HOW TO COMPLETE THIS TASK. This task calls for the lines below starting at the one containing "Net Fishing Fish" and ending at the one containing "导读 大家好,今天小六子来为大家解答以下的问题,关于worth doing省略了什么,worth", repeated exactly with both ends kept and pictures left out.

Saved entries
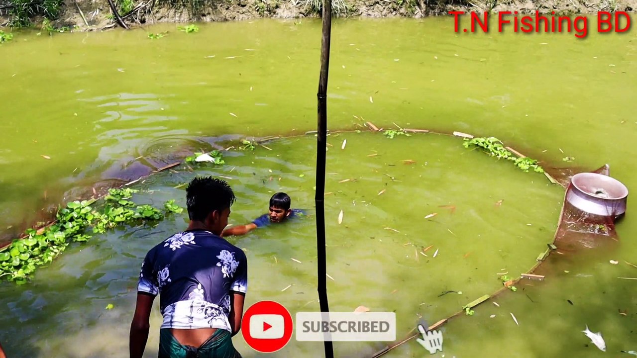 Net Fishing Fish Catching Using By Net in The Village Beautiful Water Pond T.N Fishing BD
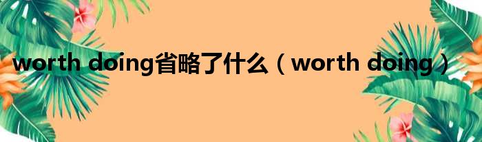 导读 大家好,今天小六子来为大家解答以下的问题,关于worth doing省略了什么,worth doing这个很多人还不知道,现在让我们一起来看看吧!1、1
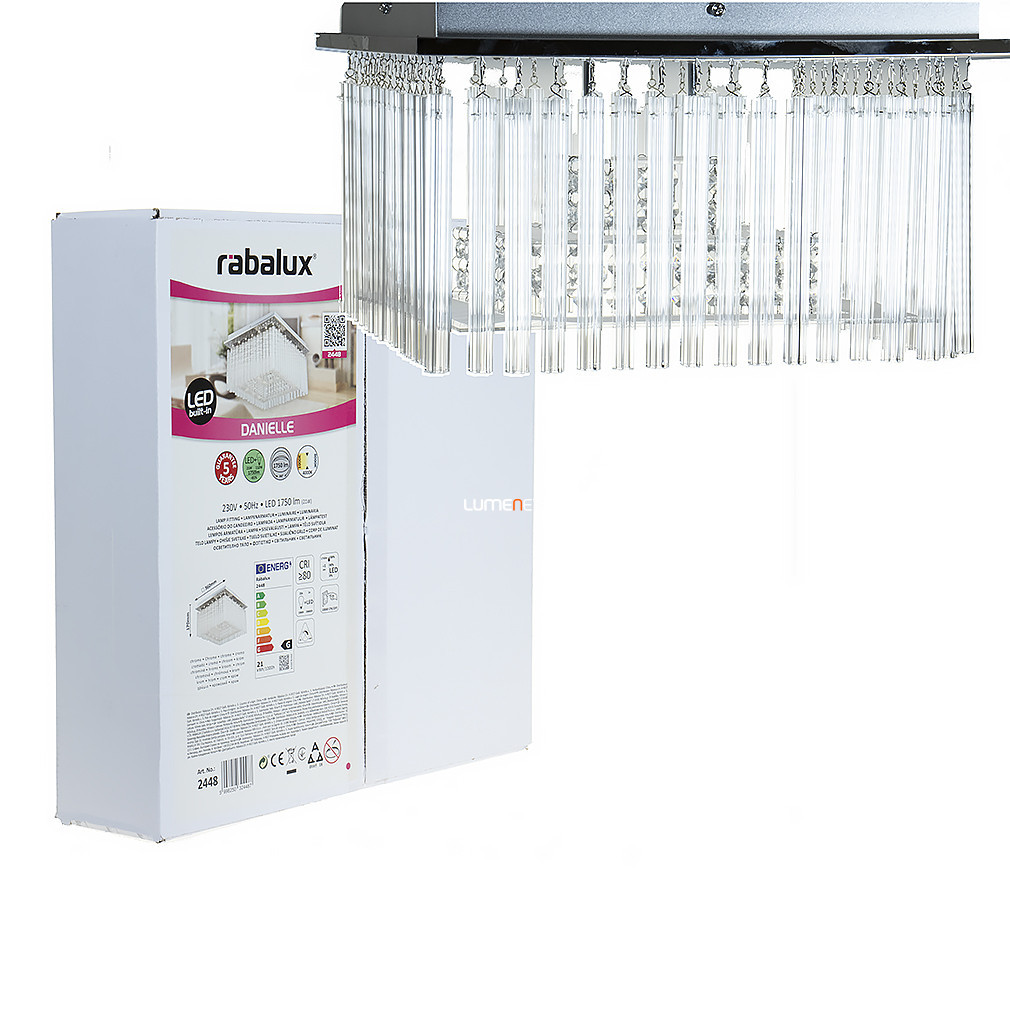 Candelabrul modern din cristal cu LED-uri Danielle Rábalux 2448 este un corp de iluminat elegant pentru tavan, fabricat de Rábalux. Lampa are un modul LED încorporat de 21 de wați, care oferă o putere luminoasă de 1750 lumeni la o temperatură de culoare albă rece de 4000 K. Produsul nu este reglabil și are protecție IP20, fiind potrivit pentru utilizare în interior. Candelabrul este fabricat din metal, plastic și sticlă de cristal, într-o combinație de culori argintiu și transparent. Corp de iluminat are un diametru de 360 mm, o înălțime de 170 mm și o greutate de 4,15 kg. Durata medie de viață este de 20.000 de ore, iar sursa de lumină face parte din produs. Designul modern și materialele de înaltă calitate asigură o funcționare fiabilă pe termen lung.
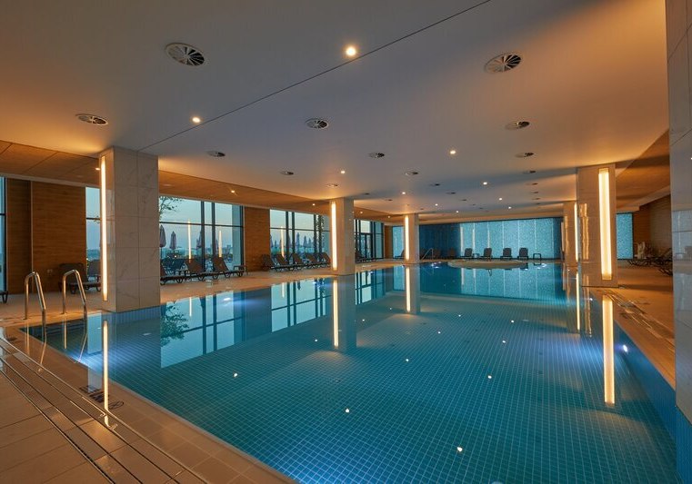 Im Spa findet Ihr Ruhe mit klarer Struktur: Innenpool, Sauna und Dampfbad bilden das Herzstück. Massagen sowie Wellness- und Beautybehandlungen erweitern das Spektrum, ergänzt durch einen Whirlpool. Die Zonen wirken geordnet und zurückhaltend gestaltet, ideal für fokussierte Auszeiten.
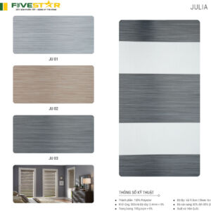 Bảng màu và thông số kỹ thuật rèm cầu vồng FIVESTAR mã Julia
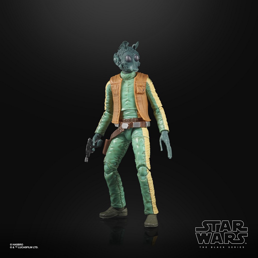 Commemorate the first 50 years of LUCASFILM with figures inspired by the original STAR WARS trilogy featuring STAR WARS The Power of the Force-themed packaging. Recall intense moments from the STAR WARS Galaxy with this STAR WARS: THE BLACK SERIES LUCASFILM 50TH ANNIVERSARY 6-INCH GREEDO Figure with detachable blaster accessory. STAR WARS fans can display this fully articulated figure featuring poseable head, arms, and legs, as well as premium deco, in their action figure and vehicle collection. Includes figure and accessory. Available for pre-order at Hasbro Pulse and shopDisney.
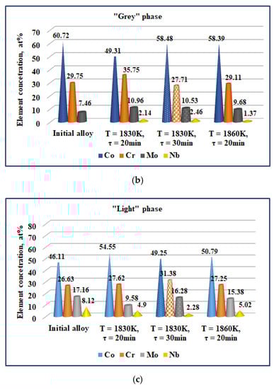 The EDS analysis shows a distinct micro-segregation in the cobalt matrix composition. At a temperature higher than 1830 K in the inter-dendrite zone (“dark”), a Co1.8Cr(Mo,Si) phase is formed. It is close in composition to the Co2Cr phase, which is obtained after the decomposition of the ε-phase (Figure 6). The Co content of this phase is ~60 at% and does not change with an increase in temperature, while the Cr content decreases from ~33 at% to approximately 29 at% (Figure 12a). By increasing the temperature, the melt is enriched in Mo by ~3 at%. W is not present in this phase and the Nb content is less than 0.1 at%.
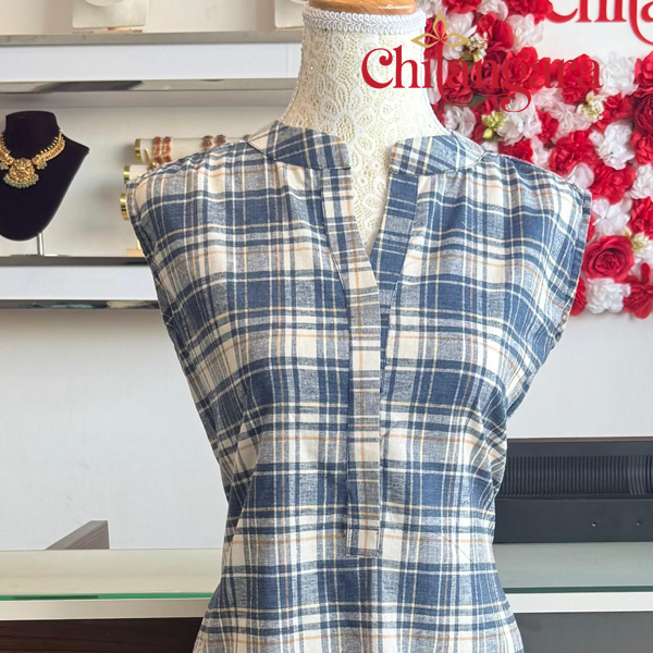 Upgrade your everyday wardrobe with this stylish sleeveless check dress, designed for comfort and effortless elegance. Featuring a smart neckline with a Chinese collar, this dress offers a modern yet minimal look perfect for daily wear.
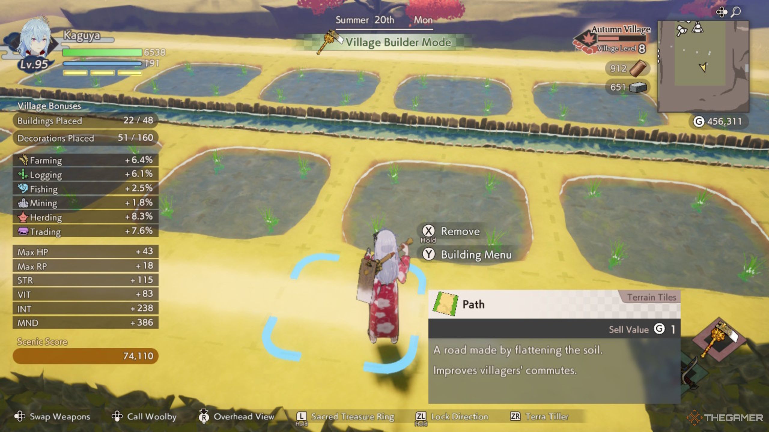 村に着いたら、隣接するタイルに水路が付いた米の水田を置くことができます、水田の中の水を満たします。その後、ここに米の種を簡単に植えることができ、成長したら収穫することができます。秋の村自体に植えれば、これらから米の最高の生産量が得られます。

==

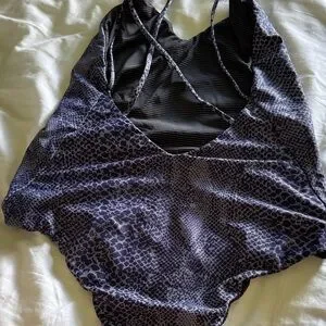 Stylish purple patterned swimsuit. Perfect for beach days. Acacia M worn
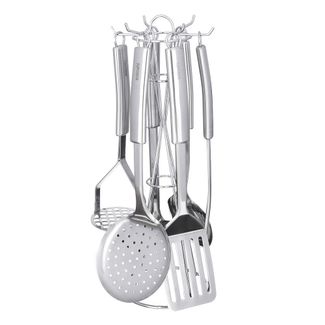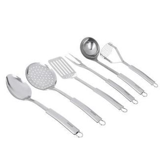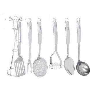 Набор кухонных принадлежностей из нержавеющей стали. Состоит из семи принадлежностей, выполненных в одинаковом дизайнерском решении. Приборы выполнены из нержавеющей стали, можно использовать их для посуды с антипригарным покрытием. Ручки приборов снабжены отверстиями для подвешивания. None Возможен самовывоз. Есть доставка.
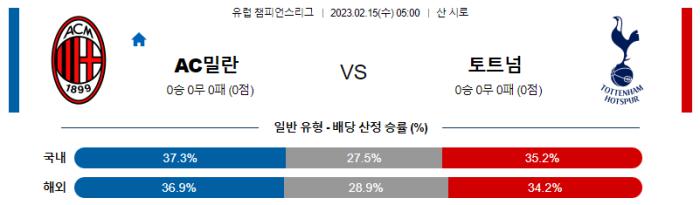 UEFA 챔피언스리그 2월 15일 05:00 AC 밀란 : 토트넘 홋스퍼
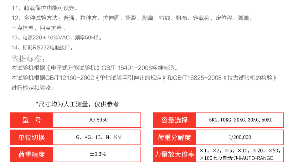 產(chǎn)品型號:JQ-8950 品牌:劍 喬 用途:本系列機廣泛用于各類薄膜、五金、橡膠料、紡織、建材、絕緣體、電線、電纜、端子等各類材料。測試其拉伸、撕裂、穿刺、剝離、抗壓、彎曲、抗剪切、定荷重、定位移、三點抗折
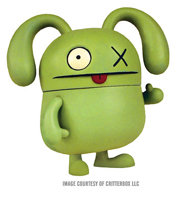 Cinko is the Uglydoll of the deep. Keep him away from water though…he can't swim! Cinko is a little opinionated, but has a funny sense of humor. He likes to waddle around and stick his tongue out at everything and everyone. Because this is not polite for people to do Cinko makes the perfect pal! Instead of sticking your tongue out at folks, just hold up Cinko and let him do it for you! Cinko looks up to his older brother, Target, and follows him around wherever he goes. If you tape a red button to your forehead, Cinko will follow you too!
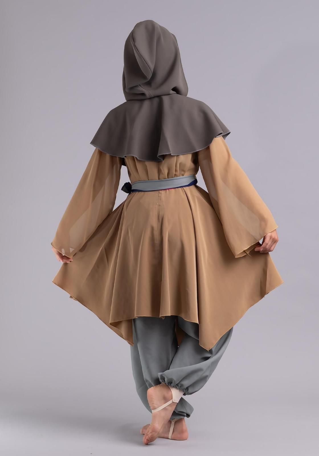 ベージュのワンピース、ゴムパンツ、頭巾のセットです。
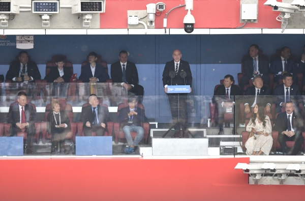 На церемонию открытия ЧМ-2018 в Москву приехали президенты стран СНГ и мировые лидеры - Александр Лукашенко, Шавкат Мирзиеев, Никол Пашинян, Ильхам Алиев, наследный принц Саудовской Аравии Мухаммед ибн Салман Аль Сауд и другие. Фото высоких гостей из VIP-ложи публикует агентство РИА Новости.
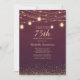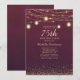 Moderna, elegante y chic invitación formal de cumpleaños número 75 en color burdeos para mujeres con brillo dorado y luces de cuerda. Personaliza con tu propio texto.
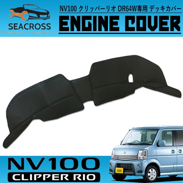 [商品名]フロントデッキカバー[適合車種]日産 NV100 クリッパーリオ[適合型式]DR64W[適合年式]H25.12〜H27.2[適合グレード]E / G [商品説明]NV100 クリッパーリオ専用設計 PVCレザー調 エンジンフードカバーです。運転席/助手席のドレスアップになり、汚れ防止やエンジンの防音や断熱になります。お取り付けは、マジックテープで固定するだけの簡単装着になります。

OUTPUT.
 Net Fishing Fish Catching Using By Net in The Village Beautiful Water Pond T.N Fishing BD
 导读 大家好,今天小六子来为大家解答以下的问题,关于worth doing省略了什么,worth doing这个很多人还不知道,现在让我们一起来看看吧!1、1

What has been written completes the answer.